O PIB está "um caminhão" abaixo do potencial. Tomando-se a datação do Codace, o atual ciclo recessivo iniciou-se no segundo trimestre de 2014. Logo, a partir do pico do primeiro trimestre de 2014, o PIB já caiu 6%. Com queda adicional provável acima de 1% no último trimestre de 2015, o recuo já alcançará 7% e pode continuar a aumentar em 2016.
"Nunca vimos uma queda do PIB e um hiato do produto desse tamanho na história do País e isso, queiram ou não queiram, está produzindo alguma força desinflacionária na economia", diz Pastore.

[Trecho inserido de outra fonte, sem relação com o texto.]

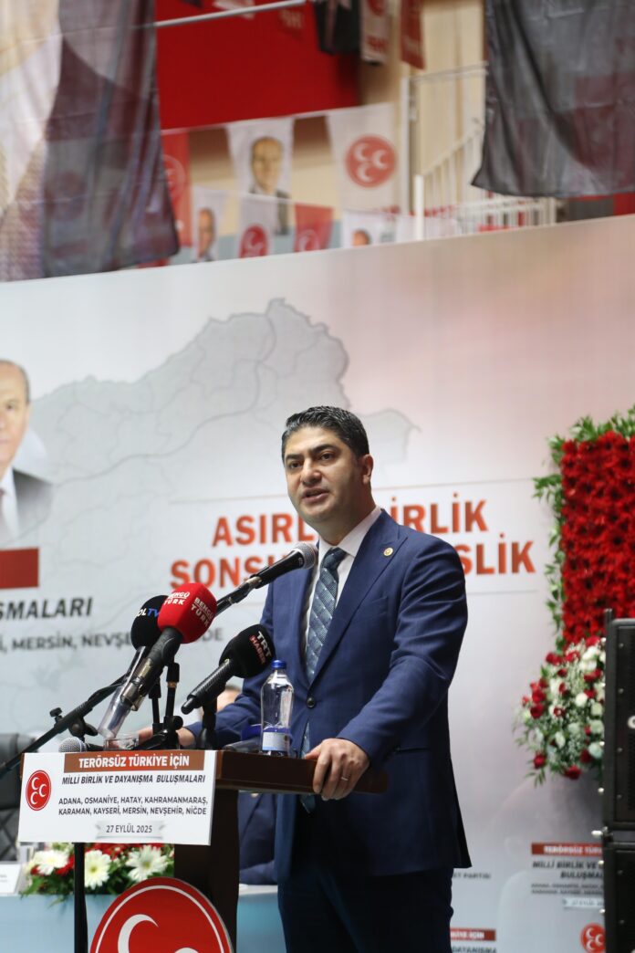 Türkiye’nin 21. yüzyılın başından itibaren ciddi tehditlerle karşı karşıya kaldığını vurgulayan Özdemir, “Türkiye’ye yönelen tehdit ve tehlikelerin nasıl bir boyut kazandığı ve buna mukabil gelinen aşamada hangi seviyede olduğumuz ve özellikle MHP olarak yirmi birinci yüzyılın ilk çeyreğinde Liderimiz Devlet Bahçeli’nin izinde hangi adımları attığımızın iyi anlaşılması gerekir. Yeni yüzyılın henüz başlarında ülkemiz yoğun bir terör tehdidi ve ardından gelen Irak’ın işgali ile başlayan, Ortadoğu’da sınırların değiştirilmeye çalışıldığı habis kurgularla yüzleşmek durumunda kalmıştır. Aynı süreç Türkiye’nin, emperyal hesaplara kurban edilmeye çalışıldığını komşu ülkelerimizde yaşanan işgalleri takip eden, planlı ekonomik taarruzlarla vatandaşımızın imkanlarının kısıtlandığı, devletimizin gücünün çökertilmesinin hedeflendiği ve her anlamda istikrarsızlığın Anadolu coğrafyasını etki altına almaya uğraşıldığı koşulları karşımıza getirmiştir. Ardından takip eden yıllarda ise Ortadoğu ve Kuzey Afrika ülkelerinin tamamını etkileyen, rejimlerin çöktüğü, yönetimlerin dış müdahalelerle el değiştirdiği, iç savaş şartlarının vasat bulmasıyla yeni sınırların belirlenmeye çalışıldığı bir aşamaya geçilmiştir. Bu dönemde bahse konu olan yakın coğrafyamızda tabir yerindeyse oluk oluk kan akmış, mazlum ve mağdurların tamamı Müslümanlar olmuştur. Bu şartlar altında ülkemize yönelen tehdit ve tehlikeler boyut ve derinlik kazanarak artarken, hesaplaşmanın ilk aşaması 15 Temmuz 2016’da FETÖ eliyle gerçekleşen darbe girişiminde yaşanmıştır” diye konuştu.
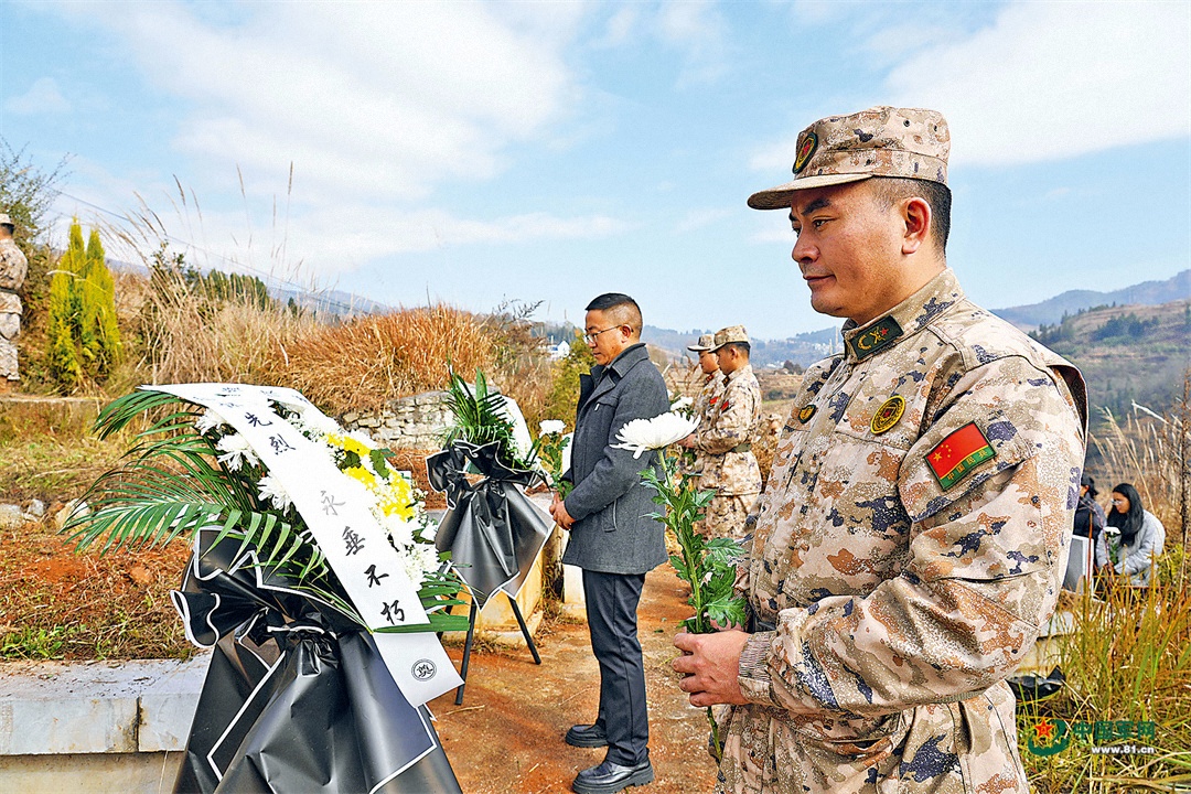 清明节前夕,贵州省六盘水市钟山区汪家寨镇武装部组织民兵和群众开展祭扫活动,缅怀革命先烈,传承红色基因。李威 摄
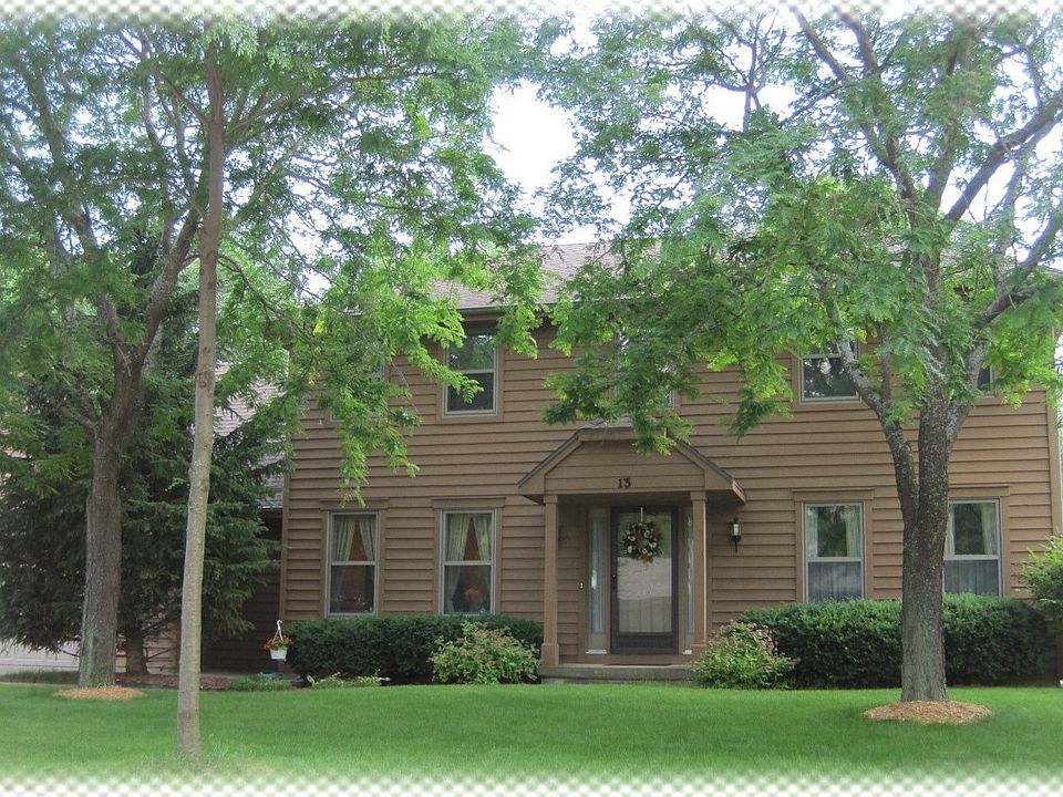 BEAUTIFUL WOODED WOODCREST AREA. Classic one-owner 2 story. Oversized rooms thru out. Neutral decor, laminate floors, skylights and a great 3 seasons room. Oversized FR has fl to ceiling brick FP. Living rm could be 1st fl office. Lg BRS have walk-in-closets. Kit offers lg center island, planning desk, appliances. Close to Janet Berry School.
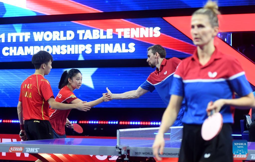 Lin Gaoyuan (1st L) and Lily Zhang (2nd L) greet Kirill Skachkov (2nd R)/Olga Vorobeva after the mixed doubles round of 16 match between Lin Gaoyuan of China/Lily Zhang of the United States and Kirill Skachkov/Olga Vorobeva of RTT at 2021 World Table Tennis Championships Finals in Houston, the United States on Nov. 26, 2021. (Xinhua/Wu Xiaoling)

Assim, ele continua, "subir a taxa de juro ainda mais é crer que essa força deflacionária é insuficiente e que é preciso fazer uma recessão ainda pior".
No caso de elevação do juro, a inflação pode cair mais (do que se a Selic for mantida), mas isso também se dará de forma lenta gradativa, enquanto o custo de aprofundar uma recessão que já é terrível também aumentará.
Problema fiscal
A sua segunda linha de argumentação parte do "problema fiscal gigantesco". Ele começa por dizer que não tem nenhuma evidência de que o Brasil esteja em dominância fiscal, fazendo alusão à tese de doutorado em Princeton do economista Eduardo Loyo, ex-diretor do BC. A tese, como outros trabalhos acadêmicos sobre o tema, descreve circunstâncias em que há uma inversão dos efeitos da política monetária e uma alta de juros faz subir, e não cair, a inflação.

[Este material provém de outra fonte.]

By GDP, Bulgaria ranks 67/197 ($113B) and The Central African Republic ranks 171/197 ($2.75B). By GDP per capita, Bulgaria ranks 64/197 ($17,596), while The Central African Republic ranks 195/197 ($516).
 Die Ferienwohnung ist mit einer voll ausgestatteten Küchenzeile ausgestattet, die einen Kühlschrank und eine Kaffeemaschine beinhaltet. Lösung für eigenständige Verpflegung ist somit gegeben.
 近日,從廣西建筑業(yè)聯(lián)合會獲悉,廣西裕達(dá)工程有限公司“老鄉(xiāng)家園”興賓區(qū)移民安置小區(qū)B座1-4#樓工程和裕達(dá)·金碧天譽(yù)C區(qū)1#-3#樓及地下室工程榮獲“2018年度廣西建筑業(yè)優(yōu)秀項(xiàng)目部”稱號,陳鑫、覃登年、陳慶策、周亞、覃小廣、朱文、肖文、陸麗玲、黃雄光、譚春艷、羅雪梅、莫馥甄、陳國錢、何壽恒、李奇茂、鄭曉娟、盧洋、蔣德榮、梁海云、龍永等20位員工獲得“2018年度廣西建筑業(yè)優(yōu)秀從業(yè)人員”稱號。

"O próprio Loyo, que como eu tem grande respeito pelo exercício intelectual da tese, acha que nós não estamos em dominância fiscal e que a política monetária ainda tem eficácia - portanto, não vou construir um argumento terrorista dizendo que estamos em dominância fiscal", diz Pastore.
Feita essa ressalva, ele observa que várias forças têm levado à depreciação do real. Entre elas, a própria valorização internacional do dólar e a queda de preço das commodities. Mas estes fatores não explicam por que há um ano o câmbio estava a R$ 2,50 e o credit default swap (CDS, instrumento financeiro que é uma espécie de seguro contra calote e funciona como medida de risco de crédito) dos títulos soberanos do Brasil estava em torno de 250 pontos-base (centesimais) e, hoje, o câmbio está em torno de R$ 3,90 e o CDS acima de 500.
"A correlação entre o câmbio e o CDS é enorme, e o CDS subiu por causa do risco de não sustentabilidade da dívida pública que, aliás, já nos levou a perder o grau de investimento de duas agências de rating (S&P e Fitch)", continua Pastore.
Dupla crise
Para o economista, o Brasil vive uma dupla crise fiscal e política, e o governo não tem nem o diagnóstico correto nem o poder de implementação em relação ao imenso problema das contas públicas. "Não é um ajustezinho, com um corte aqui e outro lá, alguma receita não recorrente, essas coisas. É necessário ter uma agenda de reformas estruturais, reforma de Previdência com idade mínima de aposentadoria, desindexação do mínimo de benefícios, o que hoje atinge 65% da despesa obrigatória, etc", argumenta.
Para Pastore, "o Joaquim (Levy) fez alguma coisa, mas uma fração muito pequena do que precisava ser feito". As informações são do jornal O Estado de S. Paulo.